Can you see where the predicted values come from, using the following diagram?

(We will need to change clf to something else.)

import matplotlib.pyplot as plt
from sklearn.tree import plot_tree

fig = plt.figure(figsize=(20,10))
_ = plot_tree(clf, 
                   feature_names=clf.feature_names_in_,
                   filled=False)

Using the Altair tooltip, I focused on a point for San Francisco on January 1st at 7am. Following the diagram, we wind up near the lower-left portion of the diagram, with value 50.686. This is indeed the predicted temperature for the point we were looking at. For the particular point I was looking at, the true temperature was 42.3.

import matplotlib.pyplot as plt
from sklearn.tree import plot_tree

fig = plt.figure(figsize=(20,10))
_ = plot_tree(reg, 
                   feature_names=reg.feature_names_in_,
                   filled=False)

../_images/607a5a7436a94b93d599f049aac3584273c06705cc03f878c95392ff7e23431b.png

How does the Altair chart change if you use a max depth of 14 instead of a max leaf nodes of 16? (Don’t try to make the tree diagram in this case.)

This might sound similar, but it is extremely different.

reg = DecisionTreeRegressor(max_depth=14)

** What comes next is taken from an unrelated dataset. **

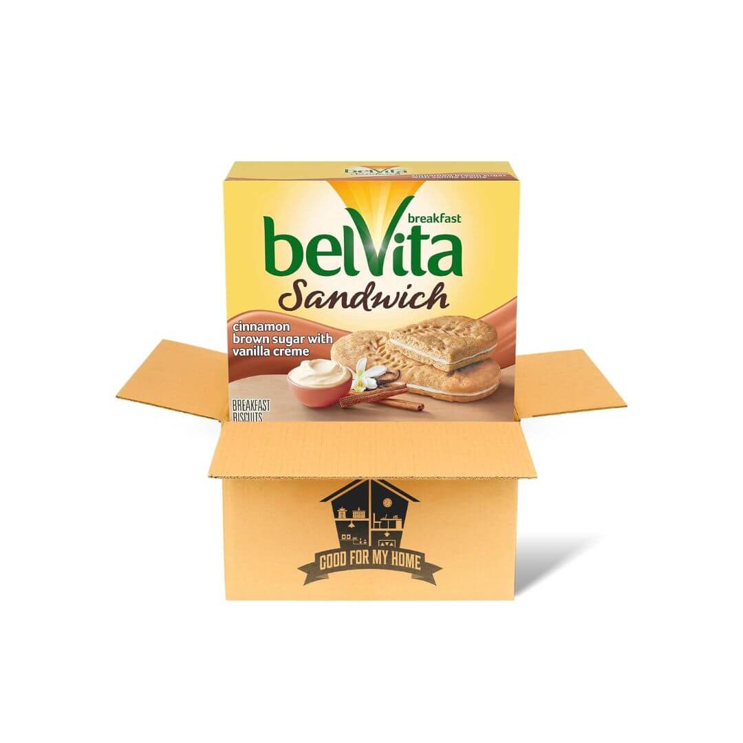 Breakfast Sandwich Biscuits Bundle. Three Bel-vita Breakfast Biscuits Cinnamon Brown Sugar with Vanilla Creme in a Good For My Home Box. Bel-vita Biscuits are Great On-The-Go Breakfast Sandwich Cookies!

reg.fit(df[cols], df["temperature"])

DecisionTreeRegressor(max_depth=14)

df["pred"] = reg.predict(df[cols])

Here is the chart. Recall how above the same predictions were made for San Diego and San Francisco (at least in the part of the chart we are plotting). Here there are many different values plotted.

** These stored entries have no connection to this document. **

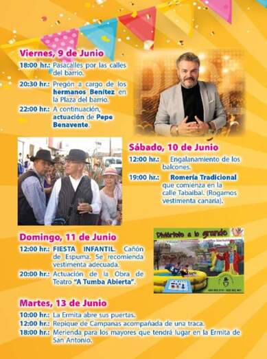 El barrio de San Antonio se prepara para vivir sus fiestas patronales. Festejos que arrancarán este viernes, 9 de junio, con el pregón a cargo de los hermanos Benítez y el concierto de Pepe Benavente y que se extenderán hasta el día 18 de junio.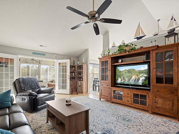 Gorgeous 3 bedroom 2 bath home sitting on almost a quarter acre overlooking the pond in Osprey Woods of Tern Hall. This great home features front and back porches, a finished garage, and a Carolina Room! The spacious living room has a high vaulted ceiling with a fan and a built-in bookcase with a hidden Murphy bed in it for extra sleeping space for guests! French doors off the living room lead you to the amazing Carolina Room that has tons of windows that flood the room with natural light and provide great views of the pond! In the kitchen you will find stainless steel appliances, vaulted ceiling with a fan, tile floors, a coffee bar, breakfast bar, and an adjacent dining area! The large master suite has a vaulted ceiling with a fan, a walk-in closet, and ensuite bath with a whirlpool tub, walk-in shower, and a long vanity with extra storage. There are two additional good sized bedrooms each with their own closets, one even has a vaulted ceiling and arched topped window. The second full bath has a shower/tub combo and nice vanity with storage. In the backyard there is a patio off the Carolina Room and a back porch overlooking the pond! Located off of HWY 707 with easy access to HWY 31 makes traveling across the Grand Strand a breeze! Less than 10 miles from Market Common or The Murrells Inlet MarshWalk! Come see this beautiful home in the low HOA fee community of Osprey Woods today!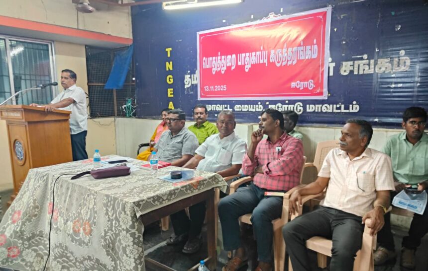 மத்திய மாநில அரசு ஊழியர், ஆசிரியர் மற்றும் மத்திய பொதுத்துறை ஊழியர் சங்கங்களின் ஒருங்கிணைப்பு குழு சார்பில் சிறப்பு கருத்தரங்கம் ஈரோடு தாலுகா அலுவலக வளாகத்தில் உள்ள சங்க அலுவலகத்தில் நடந்தது. தமிழ்நாடு அரசு ஊழியர் சங்க மாவட்ட செயலாளர் விஜய மனோகரன் தலைமையில் நடந்த இந்த கருத்தரங்கில் பிஎஸ்என்எல் ஊழியர் சங்க மாவட்ட செயலாளர் பாலு, டி ஆர் இ யு கோட்ட செயலாளர் முருகேசன், எல்ஐசி வடக்கு கிளை செயலாளர் தமிழரசு, ஆரம்ப பள்ளி ஆசிரியர் கூட்டணி மாவட்ட செயலாளர் சண்முகம், தபால் ஊழியர் சங்க கோட்ட செயலாளர் கோபிநாத், எல்ஐசி தெற்கு கிளை செயலாளர் சாந்தகுமார், பி இ எப் ஐ மாவட்ட செயலாளர் பூவேந்திரன், வருமான வரி ஊழியர் சம்மேளனம் சரக செயலாளர் மேபிள் குயினி பயஸ் மத்திய அரசு ஊழியர் ஒருங்கிணைப்பு குழு செயலாளர் ராமசாமி ஆகியோர் முன்னிலை வகித்தனர்.

c_14 = alt.Chart(df[6400:7000]).mark_line().encode(
    x="datetime",
    y="pred",
    color="city",
    tooltip=["city", "temperature", "pred", "datetime", "hour"]
).properties(
    width=600
)

c_14

How do those values compare to the true values? Look how similar they are! Is that a good sign? No, it is almost surely a sign of overfitting. Using a depth of 14 in this case is providing too much flexibility to the model.

c_true + c_14

How many leaf nodes are there in this case? Use the method get_n_leaves.

reg.get_n_leaves()

The theoretical maximum number of leaf nodes for a depth of 14 is \(2^{14}\).

2**14

Do you think this new decision tree would do well at predicting unseen data?

No, I would expect poor performance on new data, because it is overfitting the input data.

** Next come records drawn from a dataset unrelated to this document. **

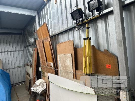 PANEL, SUNTUF, PLASTERBOARD, PARTS RACK & 3 x STEEL LADDERS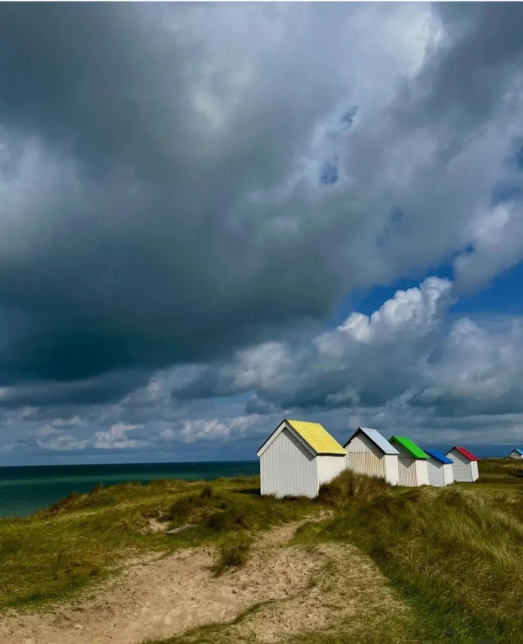 Les célèbres cabines aux toits de couleur de Gouville-sur-Mer (Manche) prennent du relief sous un ciel orageux capté par @emmyld.studio, le 13 juillet. © @emmyld.studio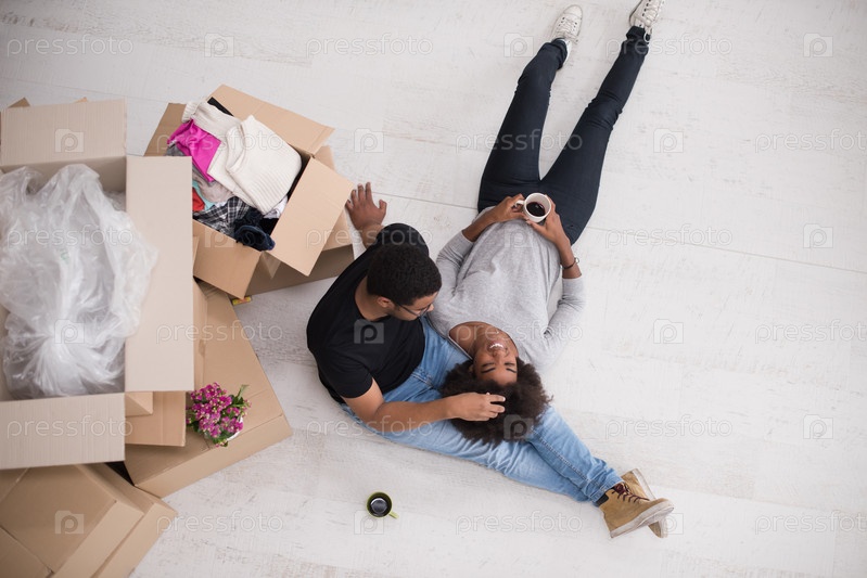 Счастливая молодая пара в новом доме

I don’t think using train_test_split makes much sense on this data, do you see why?

Imagine we separate the data into a training set and a test set. Maybe the training set includes the data from 7am (for a particular city and day) and the test set includes the data from 8am (for that same city and day). In real life, the temperatures for 7am and 8am will be very similar, so we will probably get a very accurate prediction for the 8am value, but I do not think that is meaningful. (Another way to think about it, is if we want to predict the temperature at some day in the future, we will not know what the temperature is one hour earlier.)

In short, if 7am is in the training set, it’s like we already knew the 8am value.

I believe a better way with this sort of data (this is called time series data): remove a whole month or a whole year, and see how we do on the predictions for that missing month or year. That performance would be much more indicative of how we might hope to do on new predictions in the future.

We didn’t get to the following.

Extra time?#

I doubt we will get here, but if we do, this will give a sense of how decision trees make their predictions. (Not how they make their cuts.)

Make a new decision tree regressor that allows only 4 leaf nodes.

Draw the corresponding diagram using plot_tree.

Can you recover the given value for one of the leaf nodes using Boolean indexing?